However, once I saw the end of “6 Underground” I started to think that perhaps Bay is slyer than we think, and our protagonists aren’t actually supposed to be heroes. First of all, the insane amount of collateral damage inflicted by Reynolds and his team is justified in the name of deposing the evil dictator of Turgistan, who is shown in yet another flashback dropping chemical weapons on a refugee camp right when Reynolds is handing out relief supplies as part of a P.R. effort (the brief few moments here when Reynolds tries to act like a normal person and not his usual Jim Carreyesque overacting smug prick are among his least convincing to date).
Now overthrowing a genocidal Middle East dictator with an iron grip on his country would seem daunting for even someone with slightly less than a billion dollars, but fortunately for Reynolds the dictator Rovach has a super-nice brother named Murat who is being held in exile against his will. Let’s let Ryan explain the rest of his fool-proof plan: “The last thing we are gonna do is we’re gonna say goodbye to piece-of-shit dictator brother and hello to democracy-loving brother.”

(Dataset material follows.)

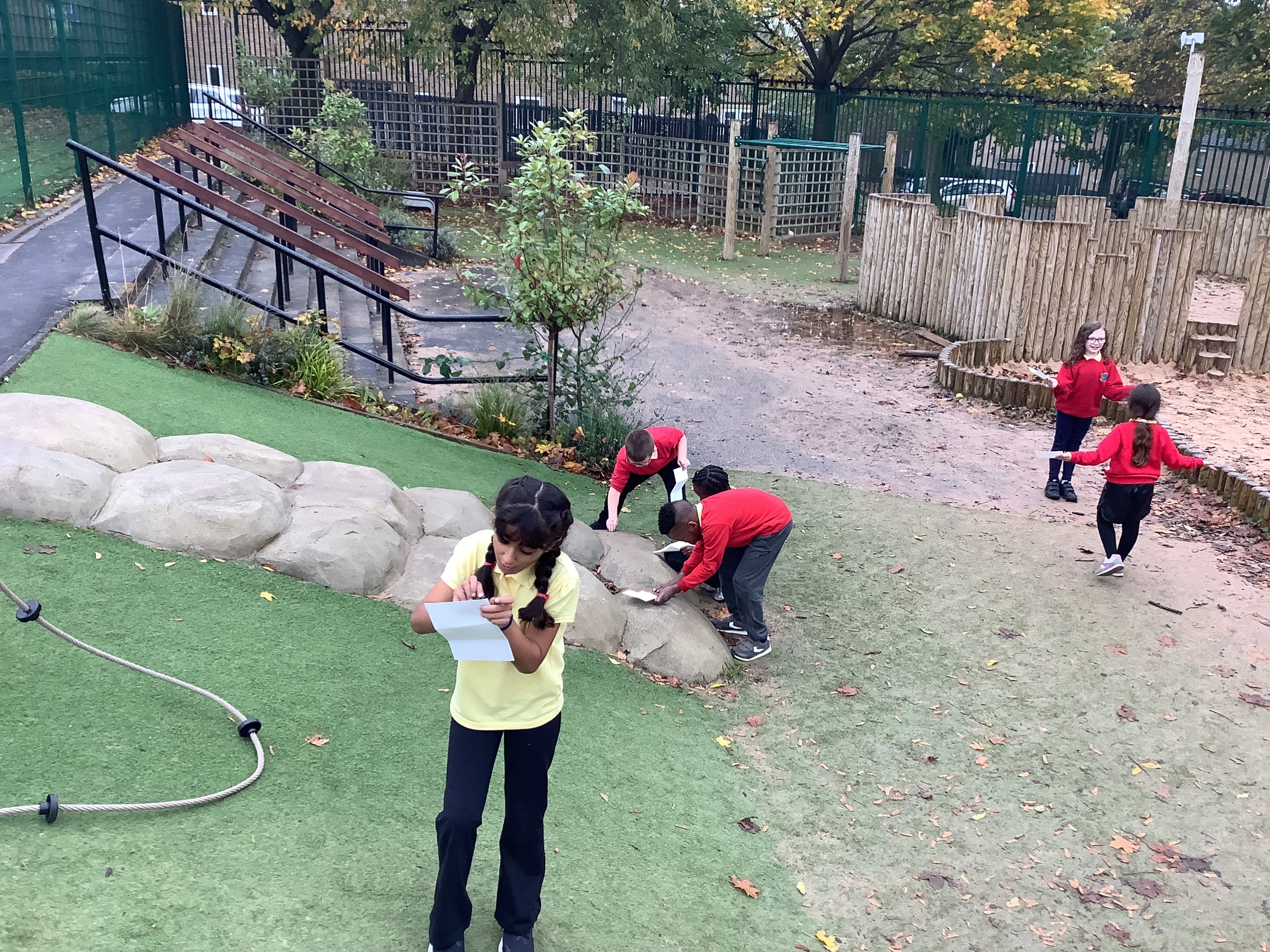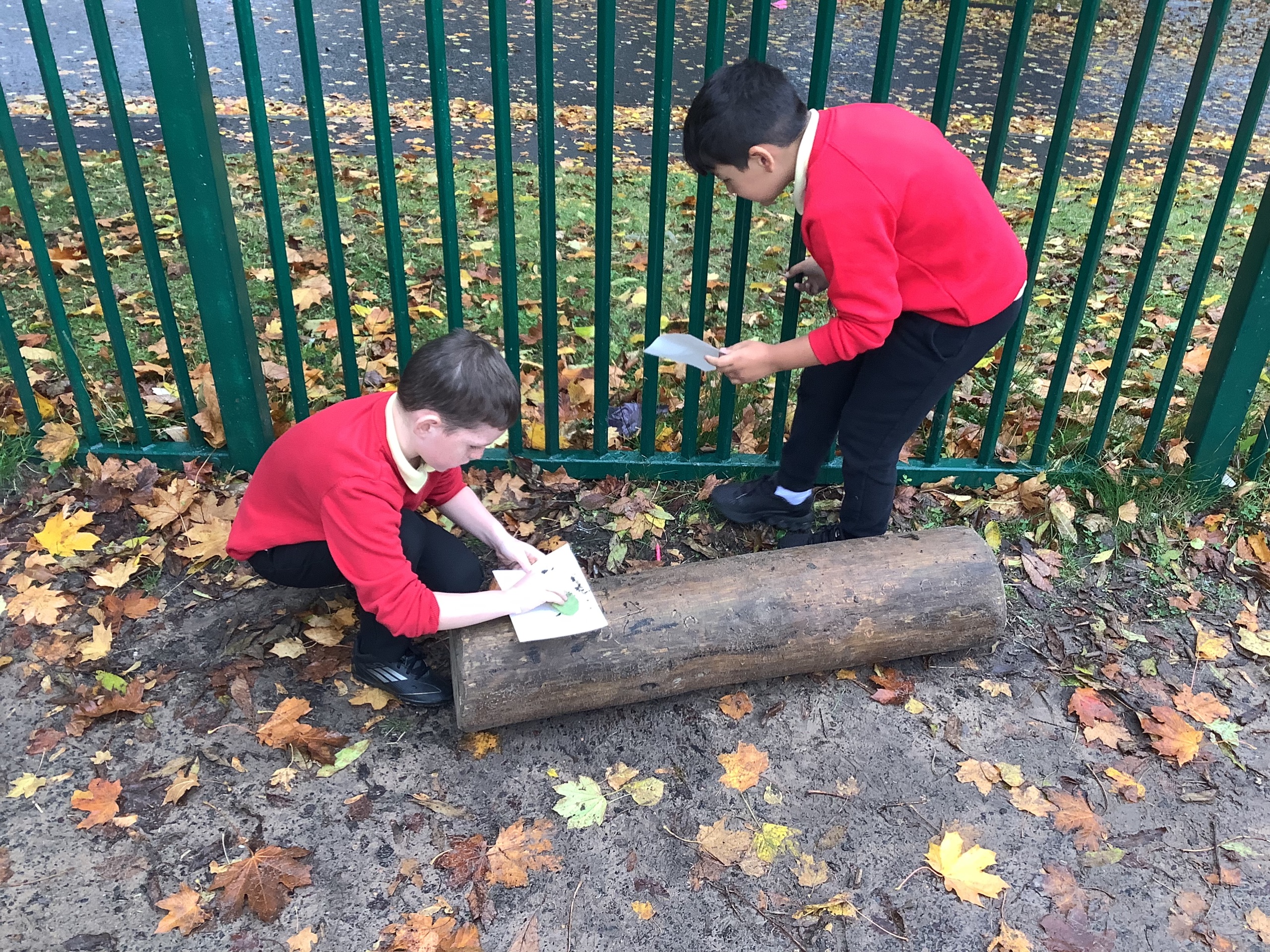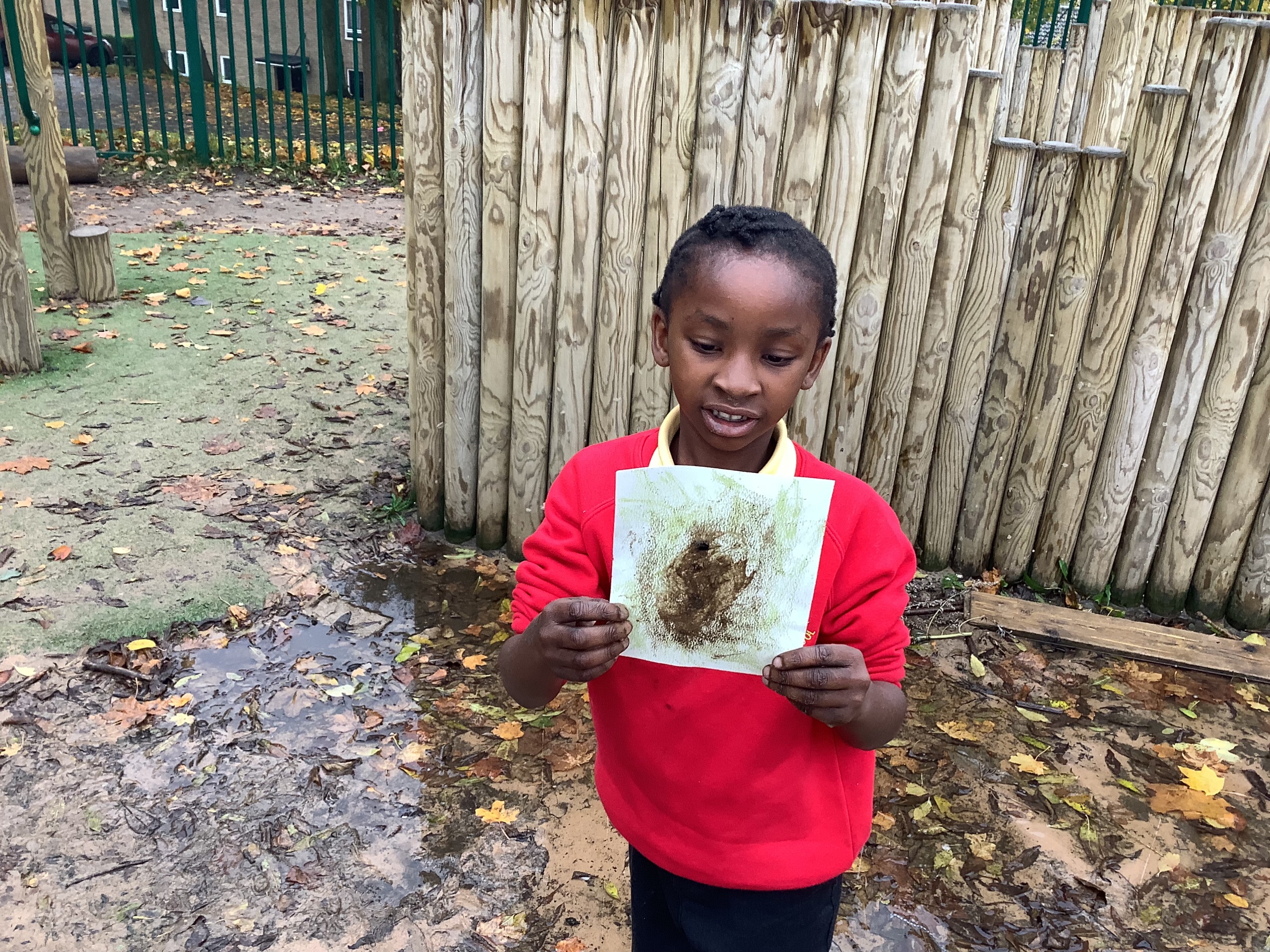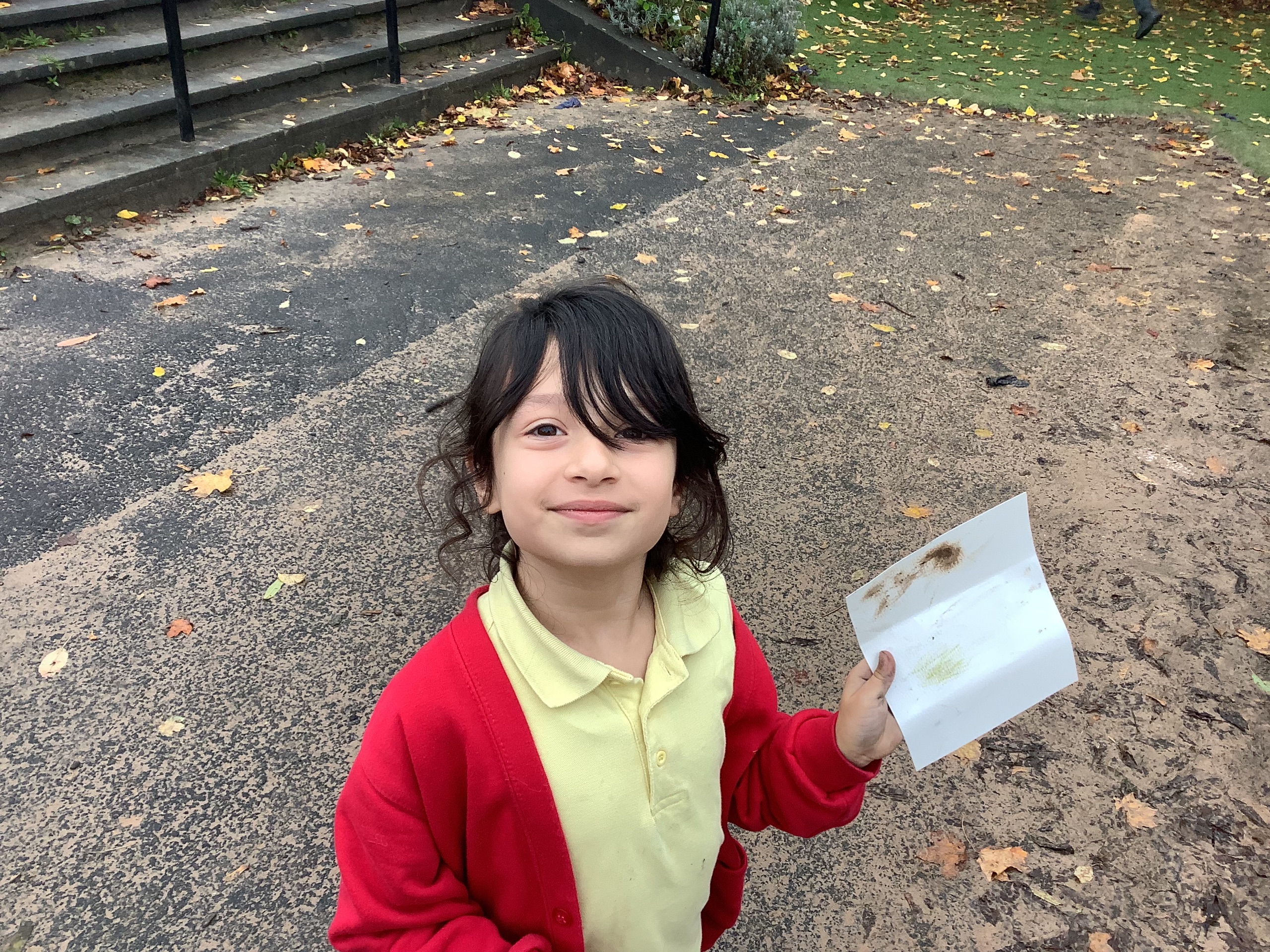 After, we went outside to explore the different colours that we can make using our natural surroundings - just as they would of done in the Stone Age!

(Also, for some reason they are planning to stage this coup on the “Day of the Dead,” and we’ll see the occasional title card reading something like “One day until Day of the Dead.” Why a coup in a Middle Eastern country absolutely has to take place during a Mexican holiday, other than for vague symbolic reasons, is yet another question you will not get an answer to in this film.)
Now you might think Bay’s prescription for peace in the Middle East – hope every insane fascist tyrant somehow has a normal peaceful brother you can swap in his place – is rather simplistic and unrealistic, but hey fuck you, it totally works! Reynolds and his team rescue Murat from captivity and highjack Turgistan’s state-run TV to broadcast an appeal by the nice brother to his countrymen, and honestly the only laugh I got in the film was the montage of people immediately taking to the streets after Murat has barely finished some boilerplate about “starting a revolution” and “taking back our country.”
Either way, Murat takes control of the government after appealing to the better nature of the military high command, and the evil Rovach is captured and dropped into the same refugee camp he had bombed previously, where he is chased down and killed by a mob of his former subjects. The triumphant tone the film takes indicates that we are supposed to come away believing that now that the “bad” leader is gone, peace and freedom will be the norm in Turgistan, and all the collateral damage caused by Reynolds and his bumbling crew was worth it since it did in fact make the world a “little less shitty.”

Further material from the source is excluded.